Tech Internships for High School Students: The Real Programs

Tyler Brooks·14 min read
Best Tech Internships For High School Students

High schoolers can work in tech. Some programs pay $33 an hour. Others cover housing, meals, and travel during research internships.

A few are free to attend but fully funded, with MIT, Stanford, and NASA picking up the tab. Here are all the real ones, sorted by pay and accessibility.

Application season runs November through March. If you are reading this in January, you are in the window for most programs below. Each entry lists pay, eligibility, and deadline so you can figure out your best shots this week.

Ten US programs currently pay high school students for tech work. Three run nationwide. Seven are regional, tied to specific metro areas or school districts.
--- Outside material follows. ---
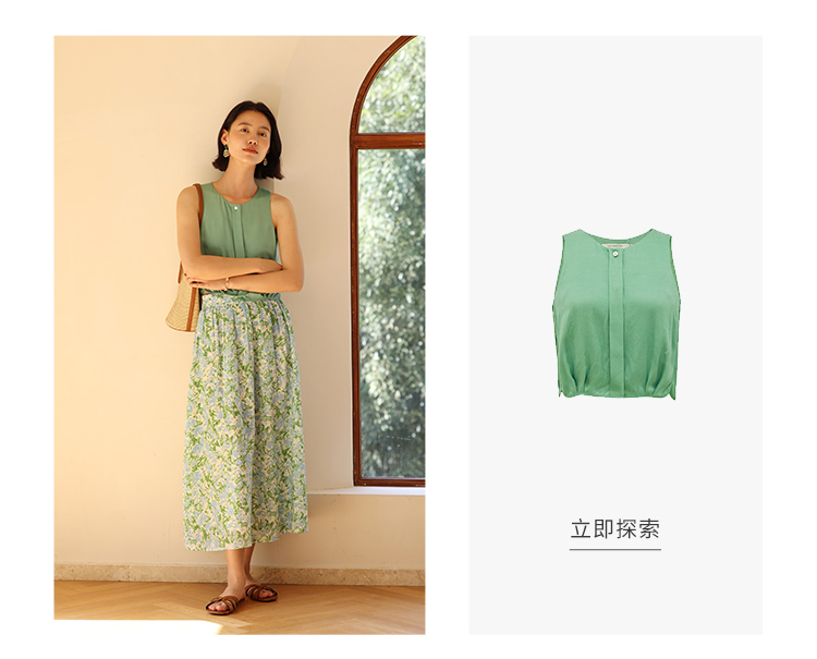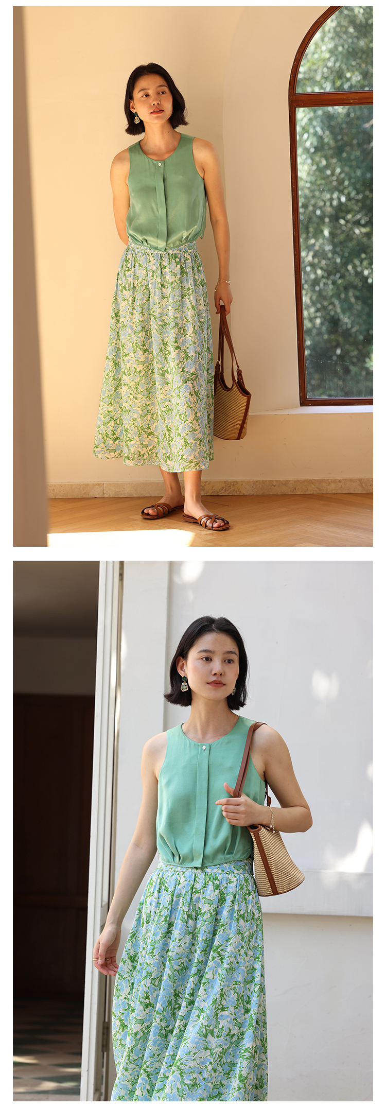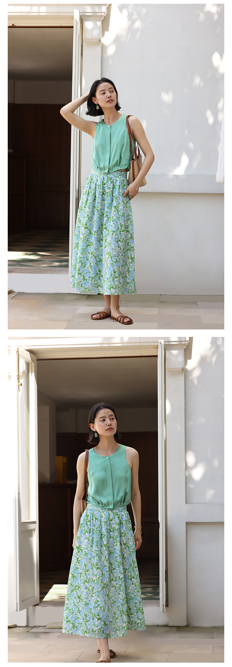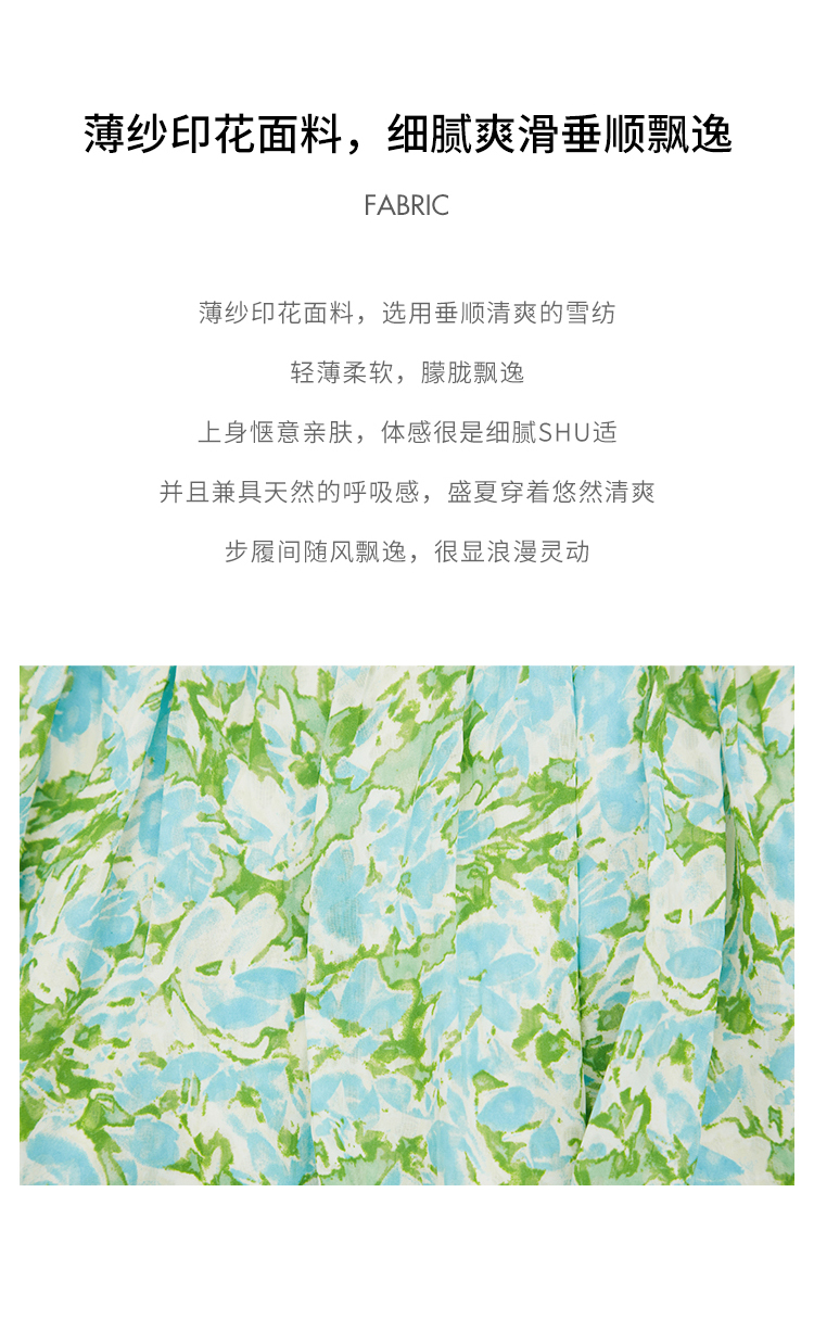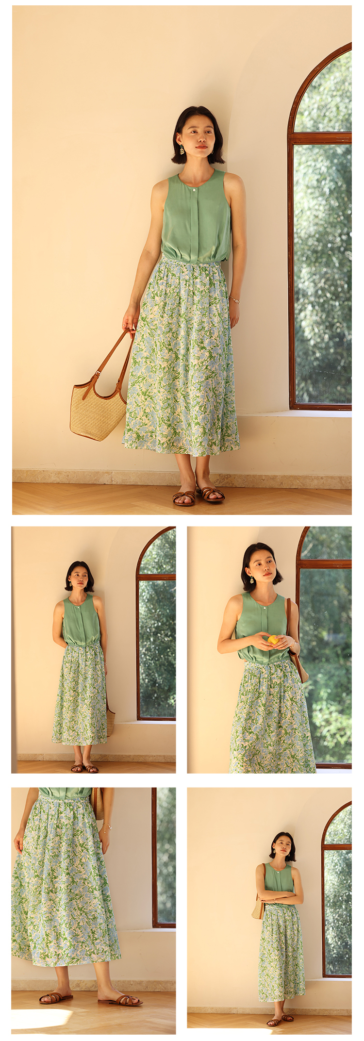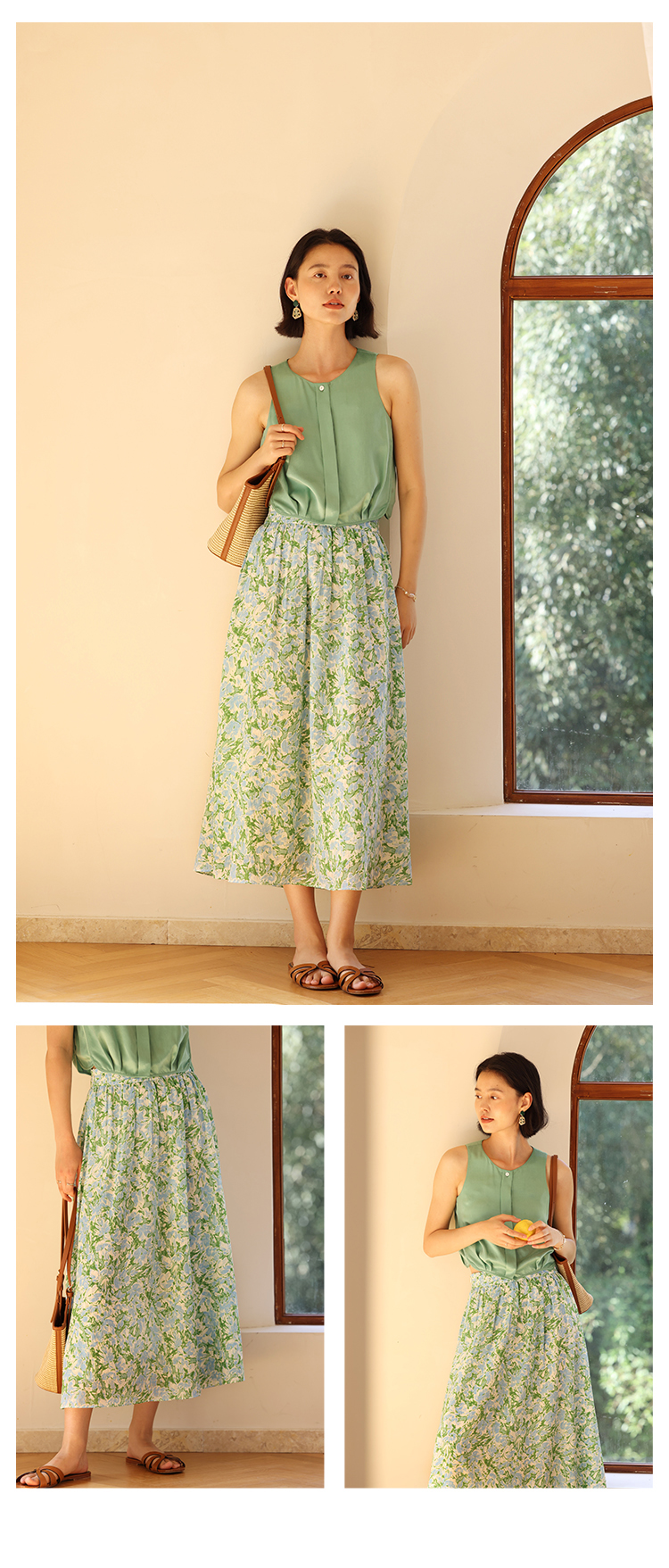 HeyDress法式碎花半身裙女夏季高腰显瘦伞摆半裙绿色印花浪漫裙子

Paid work, real supervisors, defined roles.

Program

Pay

Length

Who qualifies

Deadline

Where

Meta Summer Academy

Paid hourly

6 weeks

HS students, underrepresented groups priority

Late winter

Multiple Meta offices

Microsoft Discovery Program

Paid, full-time

4 weeks

Graduating seniors in Redmond WA or Atlanta GA school zones

Late February

2 metros only

Raytheon Technologies HS Internship

$33/hr for software

Summer

HS students near Raytheon sites

Spring

Multiple Raytheon offices

GM Student Corps

Paid hourly

Summer

HS students in metro-Detroit, Flint, or Pontiac

Spring

Detroit metro only

Navy SEAP

$4,000 stipend

8 weeks

HS students, US citizens

November

Navy research labs nationwide

NSA High School Work Study

Paid part-time

School year + summer

HS juniors near NSA facilities

Rolling

Near NSA sites

Sandia National Labs HS

Paid hourly

Summer

HS students in NM or CA near labs

Spring

Albuquerque or Livermore

CISA Cyber Internships

Paid

Varies

HS through grad, US citizens

Rolling

Government, some remote

GTRI Summer Internship

Paid hourly

5 weeks

Georgia residents, 16+, class of 2026-2028

Mid-January

Atlanta, Cobb, Warner Robins

NIH Summer Internship Program

Stipend

8-10 weeks

HS students, varies by institute

February 18

NIH campuses + remote

Meta Summer Academy

The biggest brand name on the paid list. Meta Summer Academy replaced Facebook Summer Academy after the company rebranded. It is a 6-week paid program, 30 hours a week, running from June 15 to July 24 in 2026.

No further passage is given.